Refah Alotaibi1, Hassan Okasha2,3, Hoda Rezk4, Mazen Nassar2,5,*
1 Department of Mathematical Sciences, College of Science, Princess Nourah bint Abdulrahman University, Riyadh, 11671, Saudi Arabia
2 Department of Statistics, Faculty of Science, King Abdulaziz University, Jeddah, 21589, Saudi Arabia
3 Department of Mathematics, Faculty of Science, Al-Azhar University, Nasr City, 11884, Cairo, Egypt
4 Department of Statistics, Faculty of Commerce, Al-Azhar University, Nasr City, 11884, Cairo, Egypt
5 Department of Statistics, Faculty of Commerce, Zagazig University, Zagazig, 44519, Egypt
* Corresponding Authors: Mazen Nassar. Email: ,
(This article belongs to this Special Issue: New Trends in Statistical Computing and Data Science)

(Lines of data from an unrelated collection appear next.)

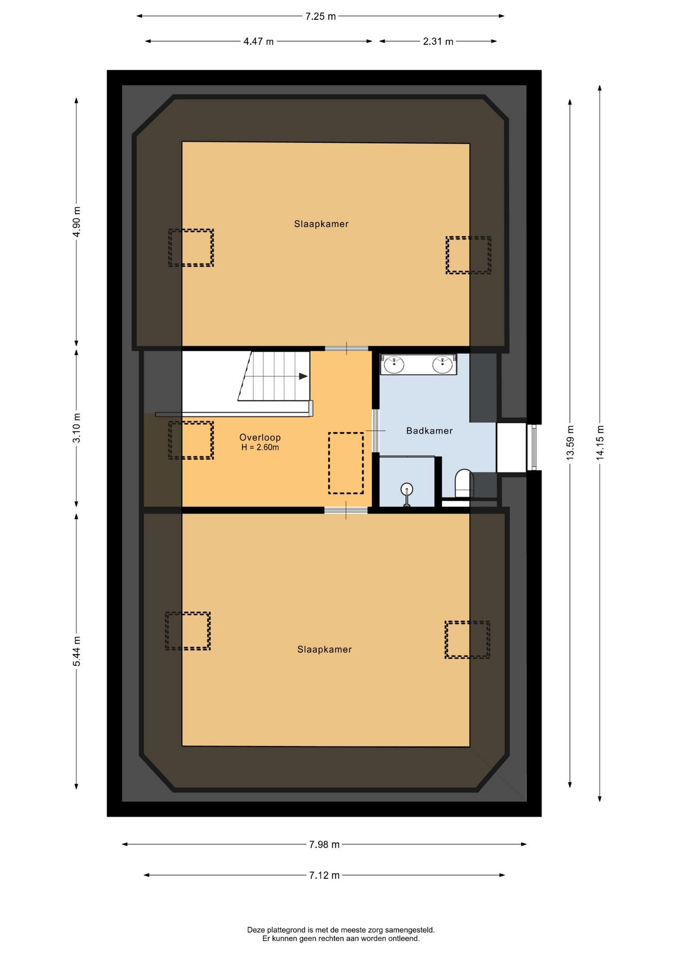"Deze informatie is door ons met de nodige zorgvuldigheid samengesteld. Onzerzijds wordt echter geen enkele aansprakelijkheid aanvaard voor enige onvolledigheid, onjuistheid of anderszins, dan wel de gevolgen daarvan. Alle opgegeven maten en oppervlakten zijn indicatief. Van toepassing zijn de NVM voorwaarden".
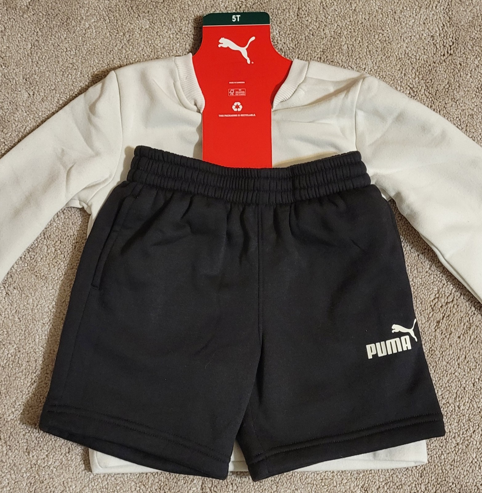 Boy's NWT Puma 2 Piece Set Sweatshirt and Shorts Size 5T Cream Black
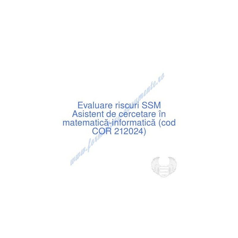 Aceste documente OBLIGATORII pentru ocupantul postului de Asistent de cercetare în matematică-informatică (cod COR 212024), sunt complet întocmite, respectând cerințele Codului muncii actualizat 2023, Legii securității și sănătății în muncă nr. 319/2006 (actualizată 2023), răspund tuturor cerințelor standardelor de calitate referitoare la management (ISO 9001/ ISO 14001/ ISO 22000/ SR OHSAS 18001:2008/ ISO 45001:2018 etc.). În vederea determinării riscurilor la care este expus angajatul pe funcția de Asistent de cercetare în matematică-informatică , consecințele maxime previzibile asupra acestuia și metodele de diminuare a lor am folosit metoda elaborată de I.N.C.D.P.M. București, care respectă toate rigorile legale și este unanim acceptată de inspectorii ITM și SSM.
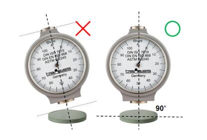 在操作上也有许多要注意的地方,例如当测量时手必须尽量紧握硬度计并且成90度垂直的下压角度,一气呵成直到探针押入样品中。
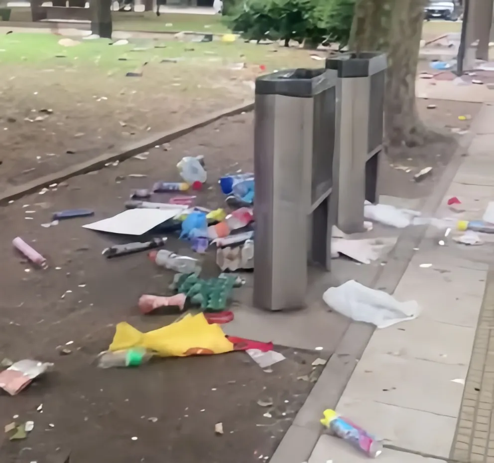 Según los testimonios de quienes circulan por la zona reflejados en un video enviado a este medio, la celebración dejó una gran cantidad de residuos esparcidos por la Plaza: cartones, carteles, serpentinas, papel picado, bolsas, latas de espuma y plásticos de todo tipo cubren gran parte del lugar. Un lector envió un video que evidencia la magnitud de la suciedad, mostrando cómo la plaza quedó completamente desordenada luego de la celebración.

Computer Modeling in Engineering & Sciences 2023, 135(2), 1255-1274. https://doi.org/10.32604/cmes.2022.022623

Received 17 March 2022; Accepted 13 June 2022; Issue published 27 October 2022

Abstract

The objective of this article is to provide a novel extension of the conventional inverse Weibull distribution that adds an extra shape parameter to increase its flexibility. This addition is beneficial in a variety of fields, including reliability, economics, engineering, biomedical science, biological research, environmental studies, and finance. For modeling real data, several expanded classes of distributions have been established. The modified alpha power transformed approach is used to implement the new model. The data matches the new inverse Weibull distribution better than the inverse Weibull distribution and several other competing models. It appears to be a distribution designed to support decreasing or unimodal shaped distributions based on its parameters. Precise expressions for quantiles, moments, incomplete moments, moment generating function, characteristic generating function, and entropy expression are among the determined attributes of the new distribution. The point and interval estimates are studied using the maximum likelihood method. Simulation research is conducted to illustrate the correctness of the theoretical results. Three applications to medical and engineering data are utilized to illustrate the model’s flexibility.

Keywords

Inverse weibull distribution; modified alpha power transformation method; moments; order statistics

Cite This Article

Alotaibi, R., Okasha, H., Rezk, H., Nassar, M. (2023). A New Three-Parameter Inverse Weibull Distribution with Medical and Engineering Applications. CMES-Computer Modeling in Engineering & Sciences, 135(2), 1255–1274.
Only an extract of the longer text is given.